Updated selinux-policy packages that fix several bugs and add one enhancement are now available for Red Hat Enterprise Linux 6.
The selinux-policy packages contain the rules that govern how confined processes run on the system.
- BZ#1198047, BZ#1198057, BZ#1198060, BZ#1198064, BZ#1198071, BZ#1198077, BZ#1198165, BZ#1202935, BZ#1203756, BZ#1207140, BZ#1212729
- When the /etc/nsswitch.conf file was modified so that the SSSD service was used for various lookups, certain services were not able to communicate with SSSD due to insufficient SELinux policy rules. With this update, the SELinux policy has been modified to allow the services to work as expected in this situation.
- BZ#1198436, BZ#1215632, BZ#1228197, BZ#1228197, BZ#1219317, BZ#1221929
- With this update, SELinux policy rules for the glusterd, ctdbd, samba, and nagios services have been fixed to allow the Gluster layer product to work with SELinux properly.
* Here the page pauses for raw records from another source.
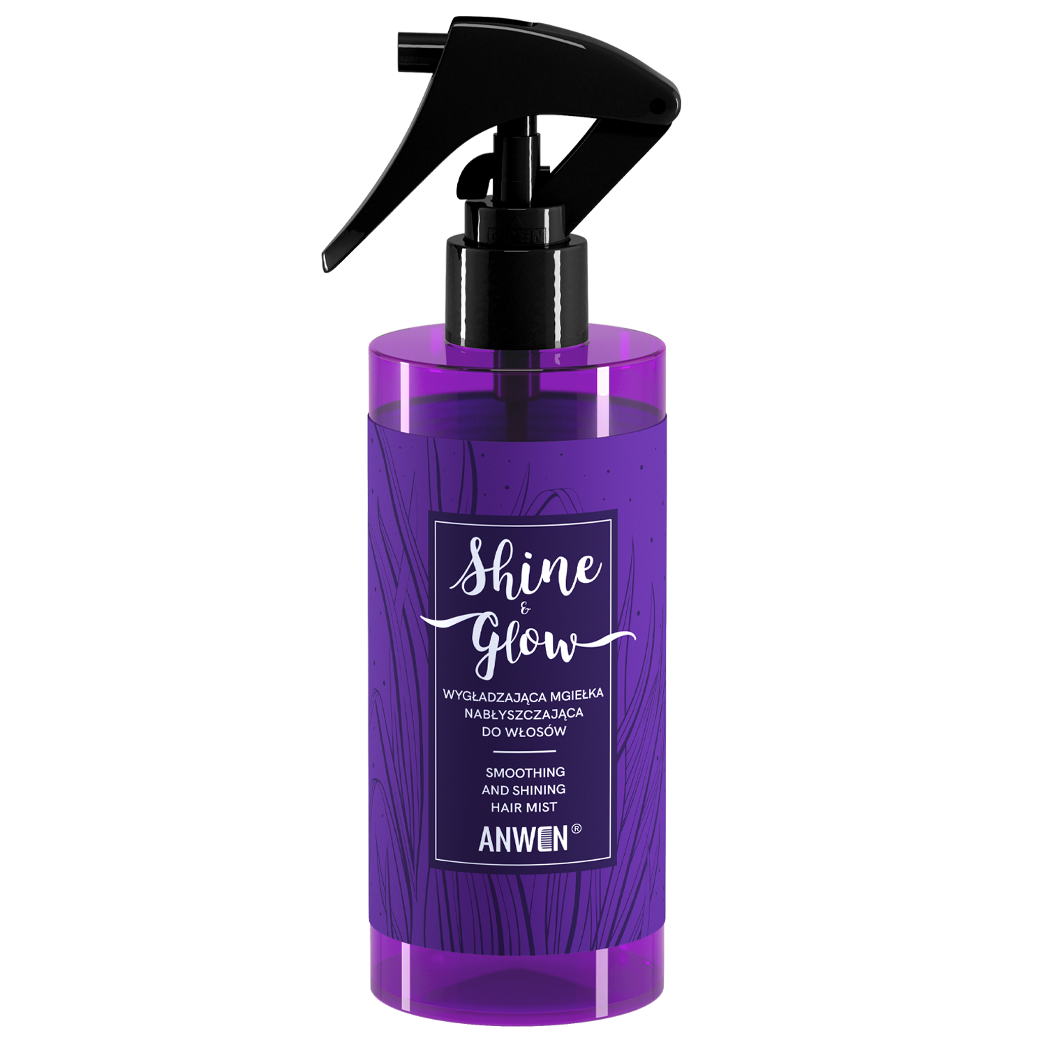 Anwen - Shine & Glow - mgiełka do włosów ułatwiająca rozczesywanie włosów, zapobiegająca elektryzowaniu i spektakularnie nabłyszczająca włosy tworząc na nich efekt tafli. Połączenie silikonów, betainy, inuliny i mocznika skutecznie wygładza włosy, nawilża i sprawia, że są jedwabiście miękkie. Kwas mlekowy przywraca prawidłowe pH, nabłyszcza i pozytywnie wpływa na stan skóry głowy. Mgiełka pozostawia na włosach delikatny film, który zabezpiecza je przed wysuszeniem.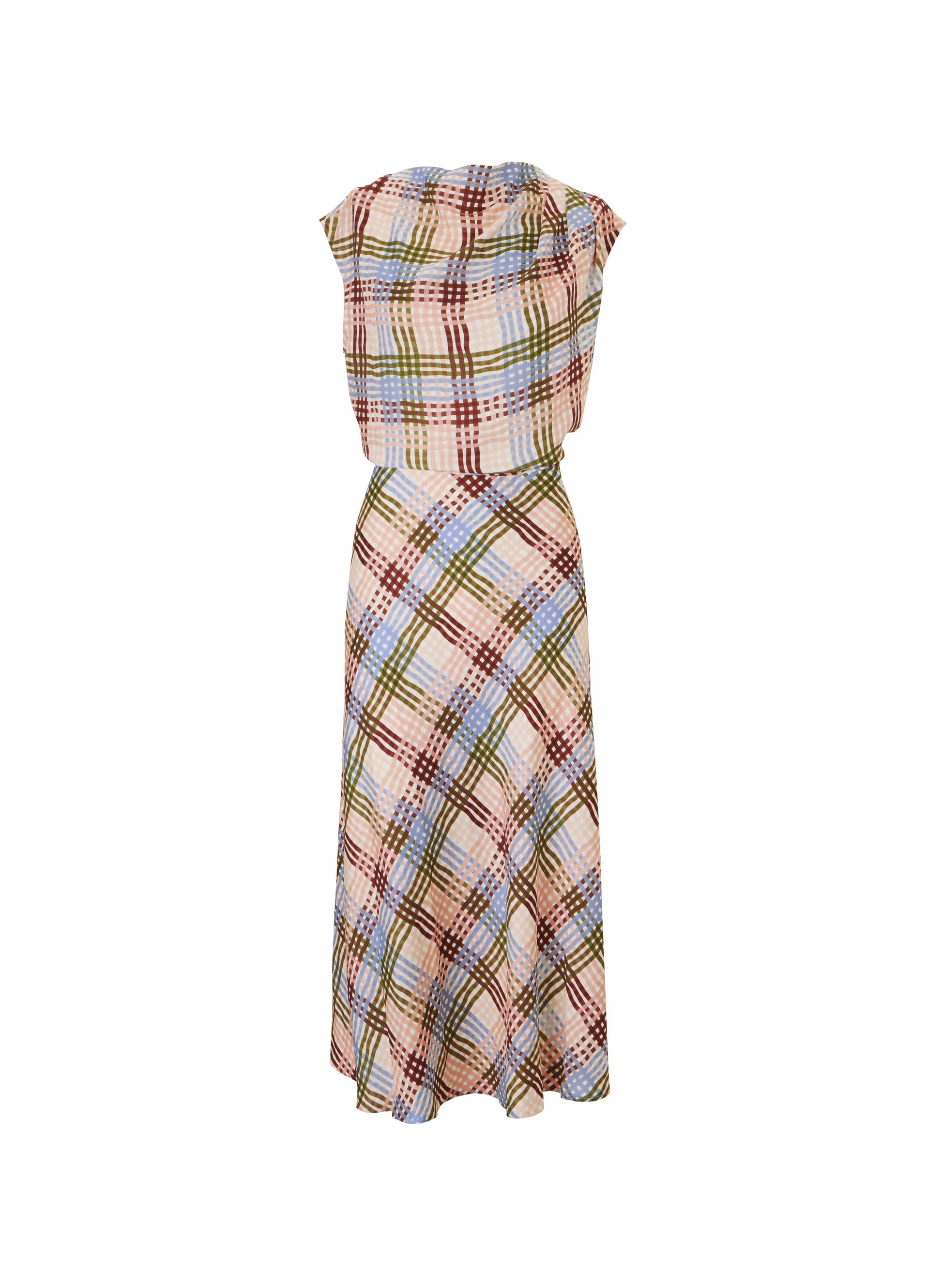 We're seeking warmer weather and the chance to welcome this light and summer-worthy dress into our wardrobes. In a peach toned check print and flowing soft twill fabric, it is the ultimate spring summer day dress. Its elegant cowl neck and waist defining shape can effortlessly be dressed up for weddings or other formal occasions too.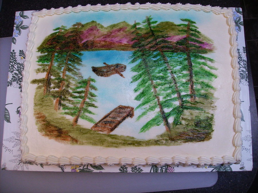This is a cake I made for my father in law. It is retired and enjoys fishing and camping.

- When writing SELinux policy rules that allow random services to read or execute general files located, for example, in the /etc/ or /usr/ directories, policy writers had to add additional rules for each service. These updated selinux-policy packages introduce the new "base_ro_file_type" and "base_file_type" SELinux attributes, which policy writers can use to declare global rules against a rule per service.
Users of selinux-policy are advised to upgrade to these updated packages, which fix these bugs and add this enhancement.